Robin: God, it is so nice to meet a fan! And I would be a fan of your work if you could get us two seats on that next flight.
Man: Well, the, uh, flight attendants are just finishing up their final seat count. Let me see what I can find out.
Ted: Would it help if I got on and gave an impassioned speech about my destiny?
Man: I think it might hurt. This is such a nightmare.
Robin: Okay, so we agree? This goes back to Lily wanting to camp out for a wedding dress?
Ted: No. Wait. It goes back further. Remember why we were eating hot dogs on the East Side?
Ted: 1939?! This penny's from 1939! A 67-year-old penny. Do you realize this penny was minted during World War II?
Robin: Oh, so was my grandfather, but that doesn't make him interesting.
Ted: Look, I know a little something about coins, and this baby is worth something to a collector.
Robin: No, it's not.
Ted: Yes, it is!

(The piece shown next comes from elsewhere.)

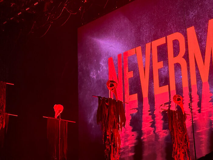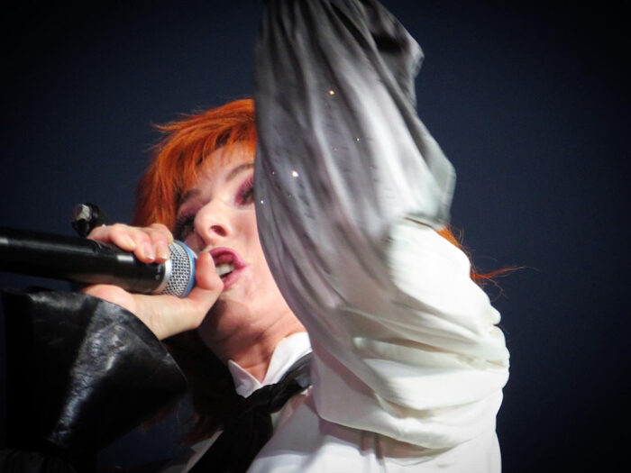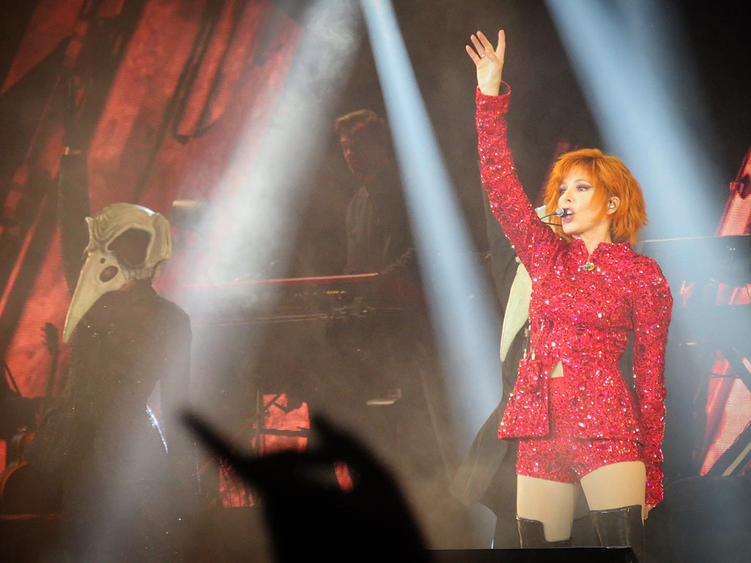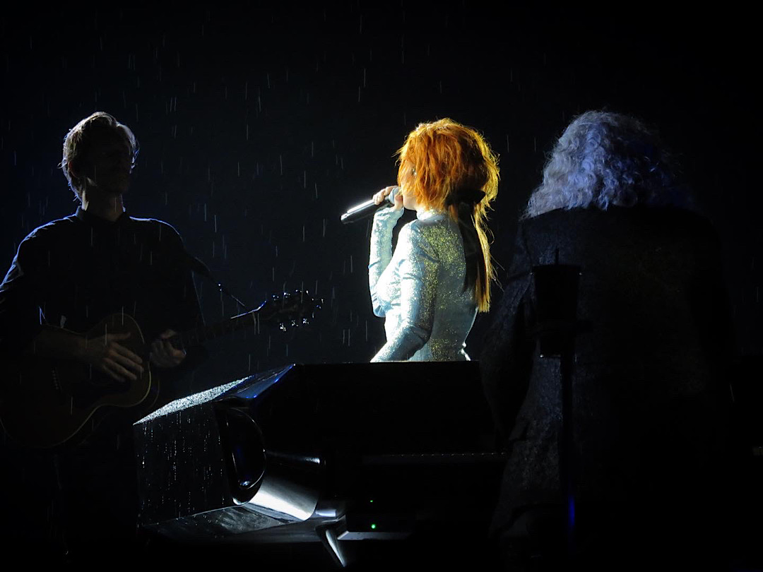 C’est forcément une redite (j’ai vu celui de Nantes) étant donné que les concerts de Mylène sont tout à fait millimétrés, mais on était placés légèrement différemment, et comme on a eu droit à de la flotte, ça a changé au moins les conditions atmosphériques. Huhuhu. La pluie a aussi sans doute compliqué un peu la logistique du concert, en rendant notamment l’avant-scène glissante (des personnes devaient passer la raclette avant chaque apparition à cet endroit), et on a eu surtout une immense hésitation au démarrage. Il y a notamment le morceau de Sigur Rós dont je me rappelle qu’il était très bien passé à Nantes, mais qui là a été diffusé au moins deux fois (ils ont dû même le remettre pour une moitié une troisième fois). Et donc le public a commencé à ironiser sur la chanson, à huer et à vraiment faire montre d’impatience.

You know what? I'm gonna take you out to dinner with the money I get for this little guy.
Narator: And that's exactly what I did. They're on the street.

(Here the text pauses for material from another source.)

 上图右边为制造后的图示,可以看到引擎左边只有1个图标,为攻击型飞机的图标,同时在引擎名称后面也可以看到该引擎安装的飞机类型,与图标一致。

Robin: You're lucky there's still a place that serves anything for a dollar fifty.
Ted: Hey, that's 150 times its original value. Actually, the meal was only $1.49. 1984.
Robin: Hey, in 50 years, we can get dinner again.
Ted: How dare you.
Robin: Hey, what's going on?
Ted: I don't know. Looks like they're camping out for something.
Robin: Yeah, but for what?
Ted: It was me. I started this. If I hadn't picked up that penny, we wouldn't have gone to get hot dogs all the way across town.
Robin: And we wouldn't have seen that wedding dress store, Lily wouldn't have wanted to camp out there, and I wouldn't have needed a nap at your apartment the next day.
Ted: Marshall wouldn't have broken his toe. Barney wouldn't have run the marathon. I wouldn't have jumped that turnstile, gotten arrested, had that court date...
Robin: And we would have made our flight. I don't think we can go back any further than that unless you know who dropped the penny.
Ted: I wish I did. Though that person's already been punished enough, losing a sweet penny like that.
Man: Uh, sir?
Ted: Oh, please tell me you have some good news.
Man: Uh, I'm afraid not. There are no extra seats on the plane. I'm sorry.
Robin: All, right, well, thanks for trying.
Ted: I can't believe this. That's it, it's over.
Robin: Ted, come on. Your destiny just wasn't to make it to Chicago today. Anyway, if that firm really wants you, they'll reschedule.
Narator: But that's not what happened. They didn't reschedule. They hired someone else. And as it turned out, three months later, that guy ended up having to relocate to Chicago. Kids, funny thing about destiny, I thought I was destined to get that job. But I was wrong. My destiny was to stay in New York. Because if I hadn't, I never would have met your mother.